Jean Paul Despin in his work "The cerebral hemispheres" says that in the teaching area any strategy that proposes to develop a brain mechanics of dynamic equilibrium between the left and right hemispheres of the brain, must be carried out by engaging both hemispheres in an authentic way.
Despin continues affirming that in this sense, music will always be the ideal means to develop this cerebral phenomenon, since, when a child performs a musical work, he does so with the abilities of the left hemisphere (analytical function), but the interpretation of what has been performed it is processed by the right hemisphere (sensory function).
In other words, the role of music in stimulating the linguistic and analytical is fundamental, the activity of reading belongs to the left hemisphere, but given the interrelationship between the hemispheres, the understanding of reading is complemented by the right hemisphere, which governs sensitivity and emotions.

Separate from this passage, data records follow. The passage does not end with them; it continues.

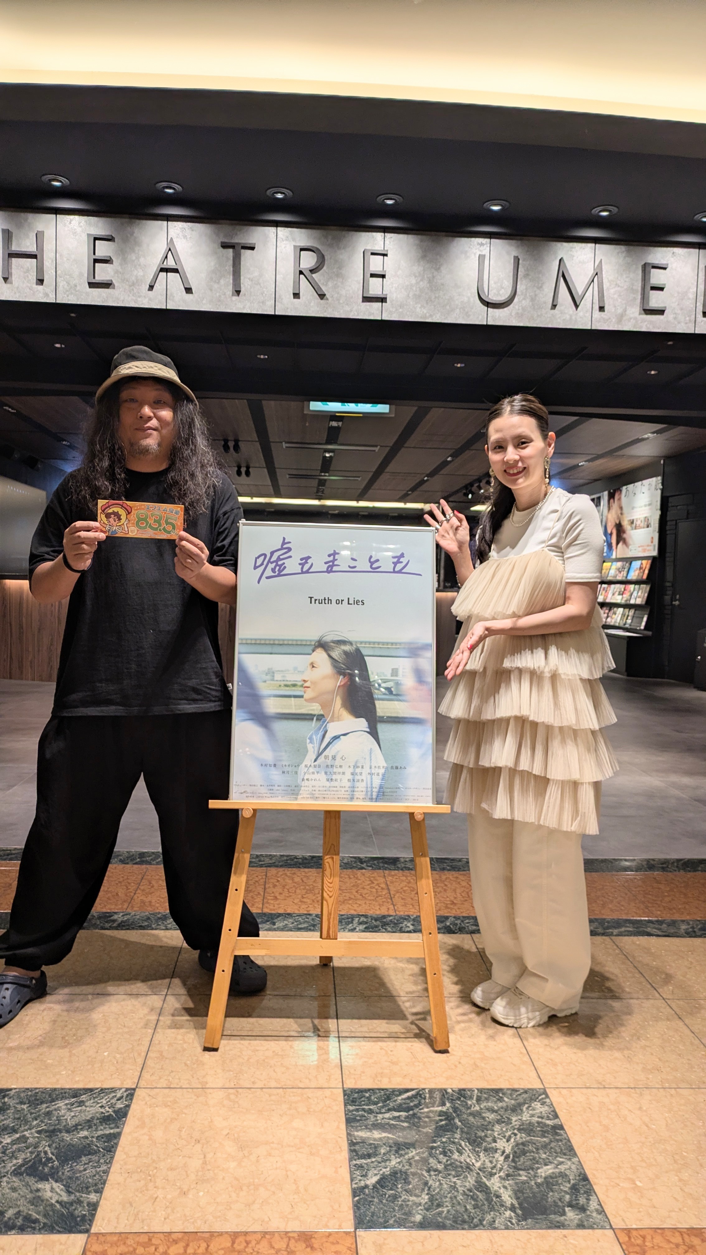 映画『嘘もまことも』磯部鉄平監督 朝見心さん 監督ハミングステッカーを(^^)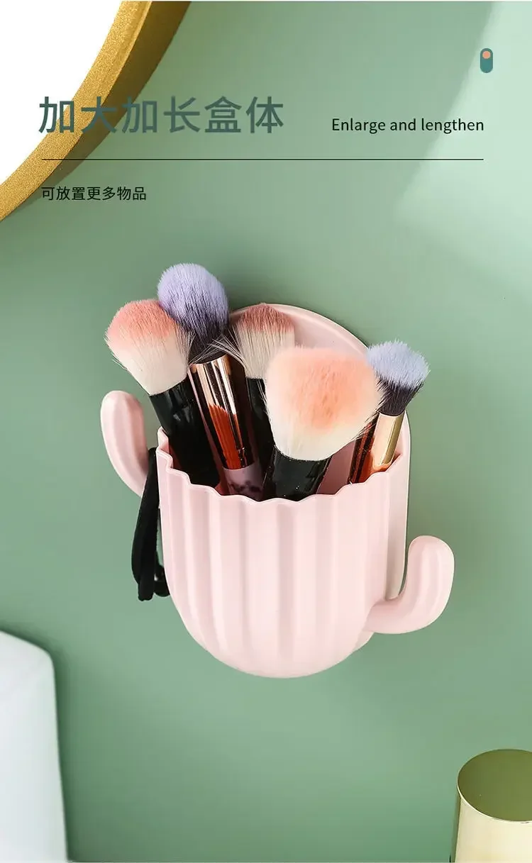 رف تخزين ذاتي اللصق على الحائط، حامل معجون أسنان، حامل فرشاة أسنان على شكل صبار، حامل فرشاة أسنان على الحائط، ملحقات حمام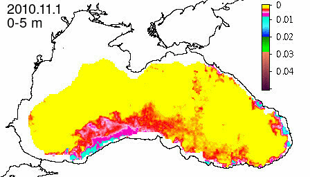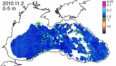 chlorophyll a concentration, mg m^-3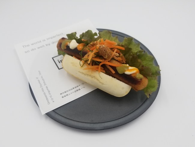 またドレッシングの販売とあわせて、imperfect表参道店舗では、米粉のパン、ヴィーガンフランクを使用した「野菜のドレッシングを使用したヴィーガンドッグ」も発売いたします。

In conclusion, we can assure that the Mozart effect in the development of intelligence starts from the beginning of the development of creativity. Creativity understood as the friction of the brain's hemispheres, which will facilitate their due interconnection and interrelation in the production of knowledge.
What will be the benefits of the Mozart effect on completing your children's homework in quarantine?
Don Campbell in this regard assures in his book the "Mozart Effect" that the benefits of children performing their school duties with Mozart's music will be the following:
- Mozart's instrumental music, in major keys and in a walking or slow tempo, will provide a relaxing effect on the development of children's activities, as well as help them relieve stress and anxiety
- Mozart's music can improve focus on a task by providing motivation and improving mood. And this is because music releases the hormone dopamine in the brain, being the cause of the emotions of joy and happiness.
- Mozart's music will help with memorization, creating a positive mood, which will indirectly enhance memory formation.
- Furthermore, Mozart's music can have a therapeutic influence (music therapy) in the cure of severe cases of depression, and also in stimulating the development of the auditory and nervous systems.